Unnamed: 0,PERIOD,cl_id,MCC,channel_type,currency,TRDATETIME,amount,trx_category,target_flag,target_sum
0,01/10/2017,0,5200,,810,21OCT17:00:00:00,5023.0,POS,0,0.0
1,01/10/2017,0,6011,,810,12OCT17:12:24:07,20000.0,DEPOSIT,0,0.0
2,01/12/2017,0,5921,,810,05DEC17:00:00:00,767.0,POS,0,0.0
3,01/10/2017,0,5411,,810,21OCT17:00:00:00,2031.0,POS,0,0.0
4,01/10/2017,0,6012,,810,24OCT17:13:14:24,36562.0,C2C_OUT,0,0.0


In [3]:
raw_df.info()

<class 'pandas.core.frame.DataFrame'>
RangeIndex: 490513 entries, 0 to 490512
Data columns (total 10 columns):
PERIOD          490513 non-null object
cl_id           490513 non-null int64
MCC             490513 non-null int64
channel_type    487603 non-null object
currency        490513 non-null int64
TRDATETIME      490513 non-null object
amount          490513 non-null float64
trx_category    490513 non-null object
target_flag     490513 non-null int64
target_sum      490513 non-null float64
dtypes: float64(2), int64(4), object(4)
memory usage: 37.4+ MB


In [4]:
#
trx_df = raw_df.drop(['target_sum', 'channel_type'], axis=1)

In [5]:
print("Total clients: ", len(raw_df.cl_id.unique()))

Total clients:  5000


Всего 5000 клиентов, случайным образом возьмем 1000 клиентов для тестирования

In [6]:
cl_ids_test = np.random.choice(raw_df.cl_id.unique(), size=1000, replace=False)
cl_ids_test_set = set(cl_ids_test)

In [7]:
# create transactions dataset for train
transactions_train = raw_df[~raw_df.cl_id.isin(cl_ids_test)].copy()
print("Total transactions in train dataset: ", len(transactions_train))
# create transactions dataset for test
transactions_test = raw_df[raw_df.cl_id.isin(cl_ids_test)].copy()
print("Total transactions in test dataset: ", len(transactions_test))

Total transactions in train dataset:  396438
Total transactions in test dataset:  94075


## Домашняя работа

1. Наборы данных вида Transactions (несколько транзакций на одного клиента) трансформировать в таблицу, где cl_id будут уникальными (соответственно 4000 строк в train и 1000 строк в test
2. Для каждого cl_id будет уникальное целевое событие target_flag, а также уникальный канал привлечения клиента channel_type (клиент привлекается лишь однажды и с самого начала его записи присваивается значение канала привлечения)
3. При агрегации (*pandas.DataFrame.groupby*) по cl_id (или по связке cl_id, channel_type, target_flag) необходимо создавать производные фичи, идеи для таких фичей могут быть следующими:

    - общая сумма транзакций по каждой из trx_category
    - общая сумма транзакции по основным вылютам (напр. выделить рубли, доллары и евро - предположительно, это будут самые крупные категории)
    - общая сумма транзакций по категориям MCC кодов (например, выбрать основные/популярные MCC коды).

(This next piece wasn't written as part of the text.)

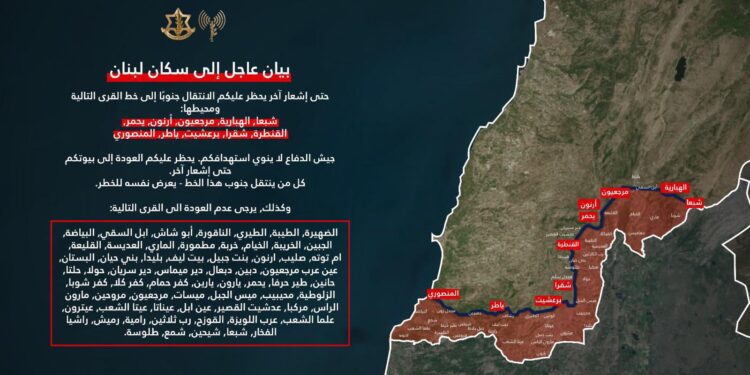 وشدّد في تصريح، على أنّه “يُحظر عليكم في هذه المرحلة العودة إلى بيوتكم من هذا الخطّ جنوبًا، حتّى إشعار آخر. كلّ من ينتقل جنوب هذا الخطّ يعرّض نفسه للخطر”. ودعا أيضًا إلى “عدم العودة إلى القرى التّالية: الضهيرة، الطيبة، الطيري، الناقورة، أبو شاش، إبل السقي، البياضة، الجبين، الخريبة، الخيام، خربة، مطمورة، الماري، العديسة، القليعة، ام توته، صليب، أرنون، بنت جبيل، بيت ليف، بليدا، بني حيان، البستان، عين عرب مرجعيون، دبين، دبعال، دير ميماس، دير سريان، حولا، حلتا، حانين، طير حرفا، يحمر، يارون، يارين، كفر حمام، كفركلا، كفرشوبا، الزلوطية، محيبيب، ميس الجبل، ميسات، مرجعيون، مروحين، مارون الراس، مركبا، عدشيت، القصير، عين إبل، عيناتا، عيتا الشعب، عيترون، علما الشعب، عرب اللويزة، القوزح، رب ثلاثين، رامية، رميش، راشيا الفخار، شبعا، شيحين، شمع؛ وطلوسة”.
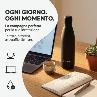 Chi cerca una soluzione pratica e duratura per ridurre il consumo di bottiglie monouso trova nella borraccia MATT in colorazione nera una risposta concreta: il design essenziale e il colore nero opaco si adattano a qualsiasi contesto d'uso, dall'ufficio alla palestra, senza rinunciare a un aspetto ordinato e personale.

ВНИМАНИ! Некоторые MCC коды из train могут быть не представлены в test. Про MCC коды в целом: http://www.banki.ru/wikibank/mcc-kod/; Справочник MCC кодов: https://mcc-codes.ru/code; Про некоторые категории кэшбека Росбанка: https://mcc-codes.ru/card/rosbank-sverkh-plus;
    - возможные агрегации по времени суток и дням недели - траты в выходные (праздники) или будни, в ночное время или в рабочее и т.д.
4. **Обязательная часть**: провести первичный анализ данных - посмотреть распределения признаков, выделить самые популярные MCC, помотреть активность клиентов по дням недели/времени, какие категории транзакции (trx_category) наиболее популярны и т.д. Получить инсайты, которые в дальнейшем помогут вам правильно подготовить фичи
5. **Обязательная часть**: на большом количестве фичей применить Lasso регрессию и посмотреть, какие переменные получают 0 в качестве коэффициентов
6. **Дополнительная часть**: с отобранными фичами и полученными компонентами обучить модель (тип алгоритма на свой вкус, можно начать с линейной) и померить качество на локальном тестовом наборе данных (локальная валидация), который создается в этом ноутбуке. **Метрика оценки качества - ROC AUC**(https://en.wikipedia.org/wiki/Receiver_operating_characteristic)
7. Задания принимаются в виде ноутбука с кодов/картинками выполненной обязательной части + указанием места в leaderboard при решении дополнительной

При возникновении вопросов и для отправки домашнего задания - egsachko@gmail.com или http://fb.com/sachkoe
    

In [8]:
raw_df_grouped = raw_df[
    ['cl_id', 'amount', 'MCC']
].groupby(['cl_id', 'MCC']).agg(['sum', 'count'])

# aggregated_dataset = raw_df_grouped.unstack().fillna(0)
aggregated_dataset = raw_df_grouped.unstack()

In [9]:
def transaction_by_day_count(dataset):
    dataset['day_of_transaction'] = dataset['TRDATETIME'].apply( lambda x: (datetime.datetime.strptime(x, '%d%b%y:%H:%M:%S')).strftime('%w') ) 
    tmp_df = dataset.groupby(['cl_id','day_of_transaction'])['day_of_transaction'].size().unstack().fillna(0).reset_index()
    old_columns = [old_col for old_col in tmp_df.columns.tolist() if old_col in dataset['day_of_transaction'].unique()]
    tmp_df.rename(columns={old_col: 'day_' + old_col for old_col in old_columns}, inplace=True)
    return tmp_df
    
    

def transaction_by_hour_count(dataset):
    dataset['hour_of_transaction'] = dataset['TRDATETIME'].apply( lambda x: (datetime.datetime.strptime(x, '%d%b%y:%H:%M:%S')).strftime('%H') )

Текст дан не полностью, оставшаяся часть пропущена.